Une distribution hétéroclite.

La distribution, quelque peu hétérogène, est desservie par le faible niveau de l’orchestre de Mulhouse dirigé par Ottavio Dantone. On retiendra la fluidité expressive, la puissance et l’agilité de Jacqueline Wagner –Fiordiligi- ainsi que les prestations vocalement généreuses des hommes : Sébastien Droy –Ferrando et Johannes Weisser –Guglielmo-. Accordons également un « satisfecit » à Stephanie Houtzeel –Dorabella- impeccable du point de vue dramatique mais avec quelques doutes et difficultés vocales. On regrette que les vrais maîtres du jeu de dupes, Hendrickje Van Kerckhove –Despina- et surtout, Peter Savidge –Don Alfonso- se soient trouvés aux abonnés absents : la première par manque de présence scénique et de puissance vocale, et le second par une double défaillance dramatique et musicale. Dès lors l’histoire a dû évoluer cahin-caha portée par la seule dynamique des deux couples.

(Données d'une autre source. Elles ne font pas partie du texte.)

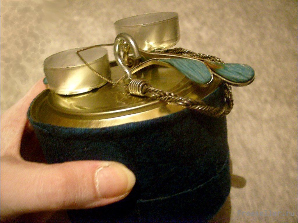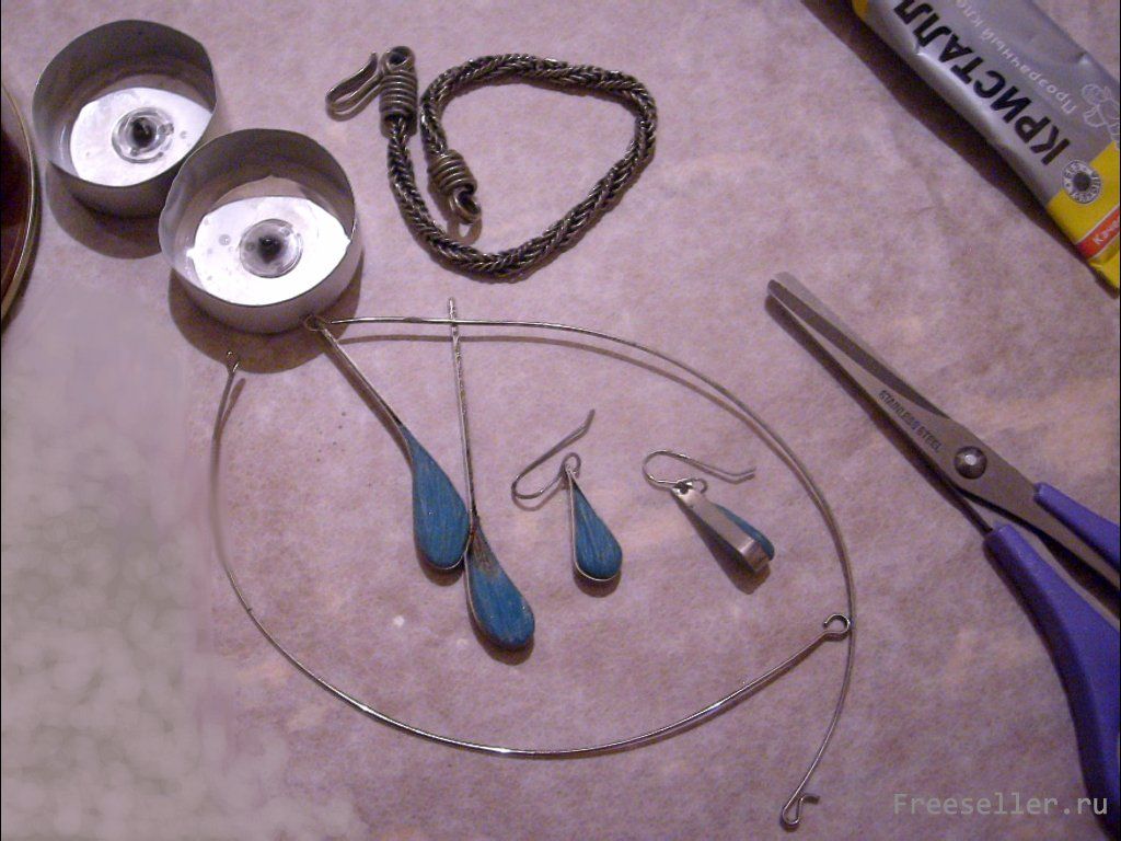 Сняв с серёжек дужки, выгнув (с помощью плоскогубцев) проволоку колье, как задумано, крепим их к поверхности банки.
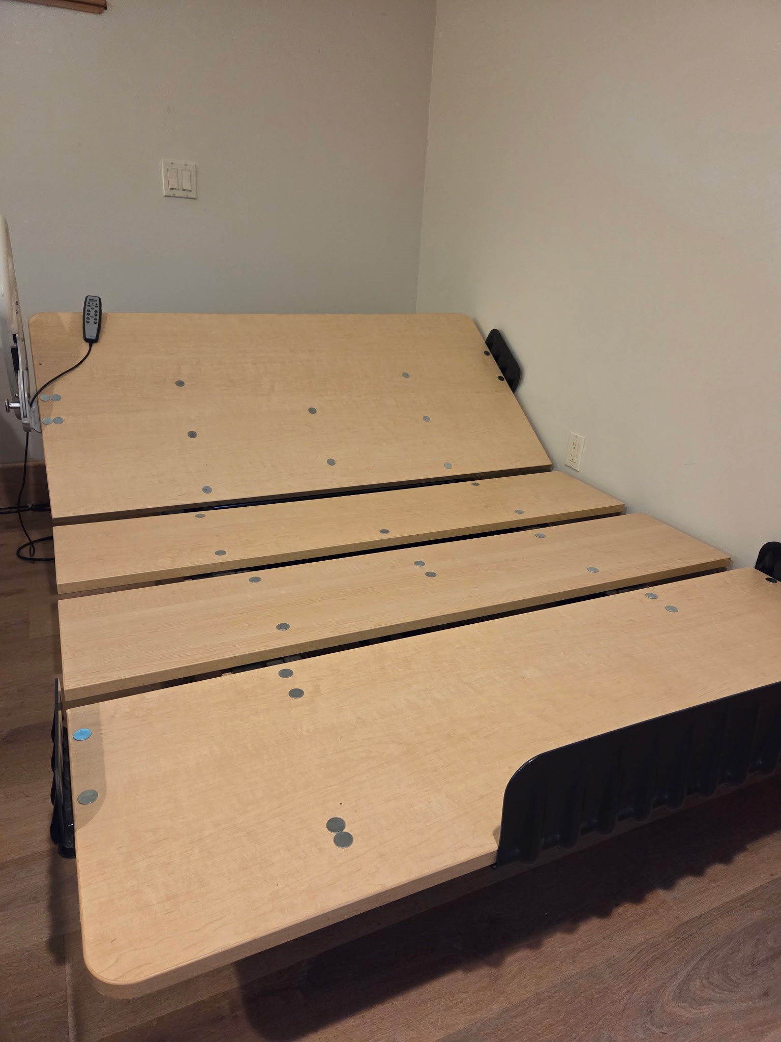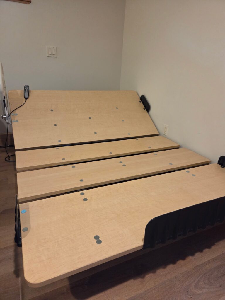 Looks like a regular piece of furniture, not a hospital bed, even though it has the same functions and can fit therapeutic mattresses like Roho or Gel.

Cosí fan tutte, dramma giocoso en deux actes, livret de Lorenzo Da Ponte. Production de l’Opéra National du Rhin. Mise en scène de David Mc Vicar. Décors de Yannis Thavoris. Direction musicale d’Ottavio Dantone. Chanteurs : Jacquelyn Wagner, Stephanie Houtzeel, Hendrickje Van Kerckhove, Johannes Weisser, Sébastien Droy, Peter Savidge. Orchestre Symphonique de Mulhouse.

Strasbourg - Opéra National du Rhin, les 11, 14, 16, 21, 23 et 26 décembre 2009.